Physiology of the neuromuscular junction

Skeletal (voluntary) muscle receives a rich supply of fast-conducting motor neurons containing acetylcholine in their terminals. Depolarization releases acetylcholine, which diffuses across the neuromuscular junction (NMJ); two molecules bind to the two α-subunits of the nicotinic receptor on the motor end-plate region, leading to depolarization of the motor end plate and contraction of skeletal muscle cells. Acetylcholine is also rapidly metabolized by acetycholinesterase into inactive choline and acetic acid; the choline is reincorporated into the terminals of the motor neurons and converted back to acetylcholine by the enzyme choline acetyltransferase (Fig. 3.8.1). The opening (approximately 1 ms) of the nicotinic receptor allows the entry of Na⁺ into the cell, resulting in a brief depolarization; this is known as the end plate potential. If this is of sufficient stimulus to reach threshold, the resultant action potential leads to the depolarization of adjacent skeletal muscle cells via depolarization of many other voltage-dependent sodium channels.

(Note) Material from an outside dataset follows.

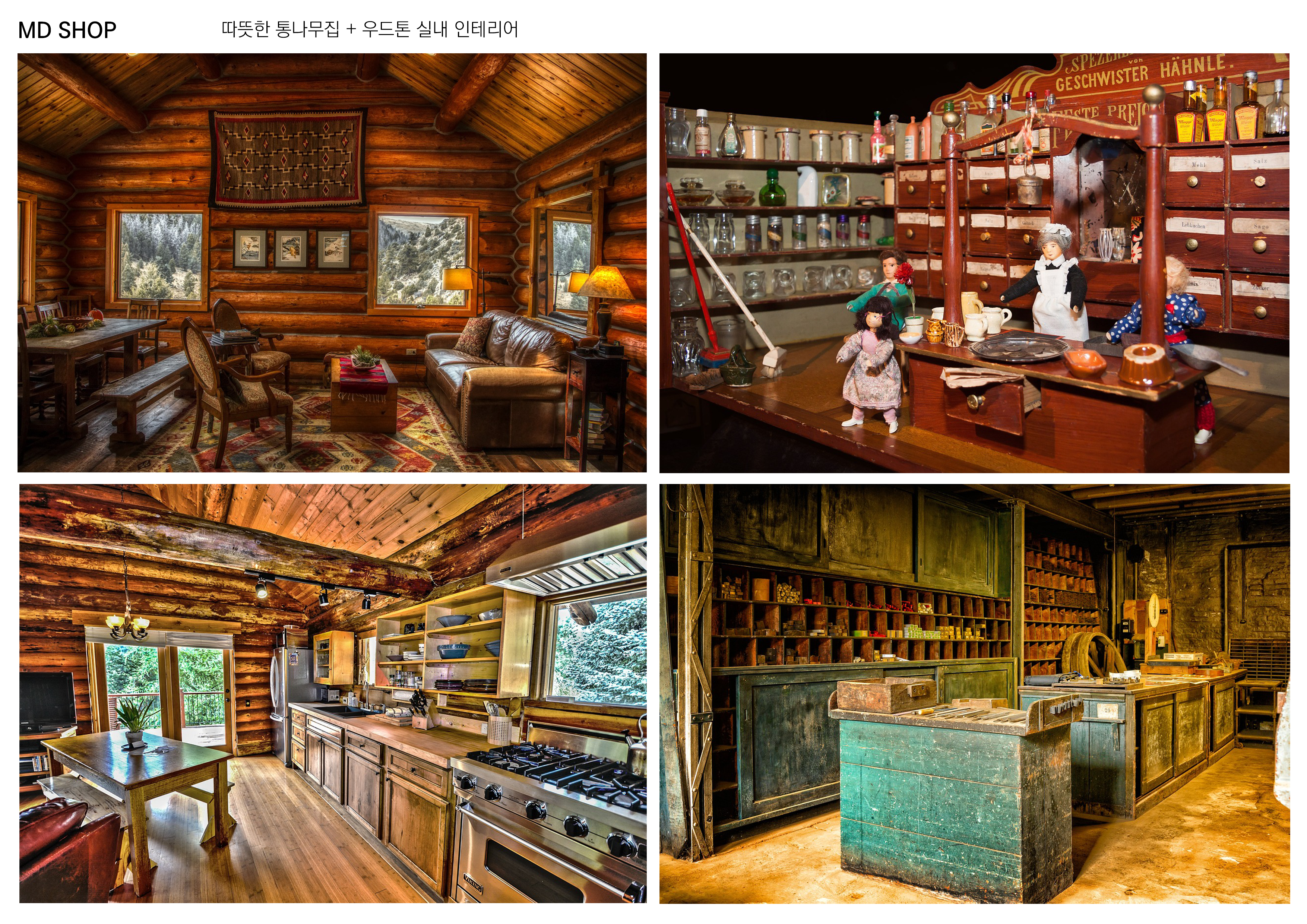 게임 생산 시설물 중 물건을 만드는 가장 기초적인 시설물이 통나무집이라는 것에 기인하여 따뜻한 통나무집에 우드톤 실내 인테리어를 시도했다. 파크의 가장 큰 기념품점이 대부분 입구에 위치하는 것을 고려하여, 방문객들이 입/퇴장 시 방문할 수 있도록 큰 규모로 구성했다.

This wave spreads over the muscle surface and is conducted within the interior of the fibre by invaginations (T-tubules) in the muscle cell. The action potential leads to the release of Ca²⁺ from the sarcoplasmic reticulum, which is in close proximity to the T-tubules, and ultimately triggers skeletal muscle contraction (Fig. 3.8.2).

Fig. 3.8.1 The neuromuscular junction.

Fig. 3.8.2 Drugs acting at the motor end plate. (A) Events leading to muscle contraction; (B) competitive blockade; (C) depolarizing blockade; (D) anticholinesterases.